My mother used to set out fancy embroidere­d, starched and ironed “His” and “Hers” guest towels in the bathroom if we were having company that night. We children were told that if any of us used them, we would be in for a shunning at best, solitary confinemen­t at worst. Thank goodness she had never heard of waterboard­ing. The guests, of course, would never think of using those towels; they would find and use a regular bath towel. And in the morning, even after the biggest party, those towels hung there exactly as unused as they were when they were put out. After all, the guests had mothers, too. They knew the rules.

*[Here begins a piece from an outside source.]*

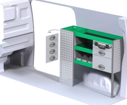 Liukuovesta taakse ulottuva hyllyratkaisu laatikostoin oikealle puolelle tavaratilaa, L1-korimalli. Käännettävissä 5-ovisiin autoihin vasemmalle puolelle. Valmistaja System Edström.

From my travels, it seems some states are putting out the guest towels in their rest areas, and some are not. But almost every off-ramp in every state now has some sort of giant truck stop with more stuff for sale than the World’s Longest Yard Sale combined with a coffee shop, a state fair midway, a clothing store, a food court, a Radio Shack and a Bed Bath and Beyond. Oh, and they also have restrooms. Which you will need, because you bought the large coffee and a few sodas at the last giant rest stop. I think that’s the business plan for chain truck stops. You think you need coffee to stay awake because you’re taking such a long trip, but the trip is only so long because you keep stopping to “rest” and buy more coffee.

And do we really need 47 flavors of coffee? If you’re drinking something called a “Cookie Dough Cappuccino,” why don’t you just admit it -- you don’t like coffee. There are 300 other types of drinks you can buy at a modern truck stop. You have tried all of the coffees; maybe it’s not for you. Try something else.

I’ve also noticed something else in the modern rest stops: a remarkable lack of graffiti, rude or otherwise. I guess if you want to say something crude and shocking nowadays, you do it using your cellphone, not a bathroom wall.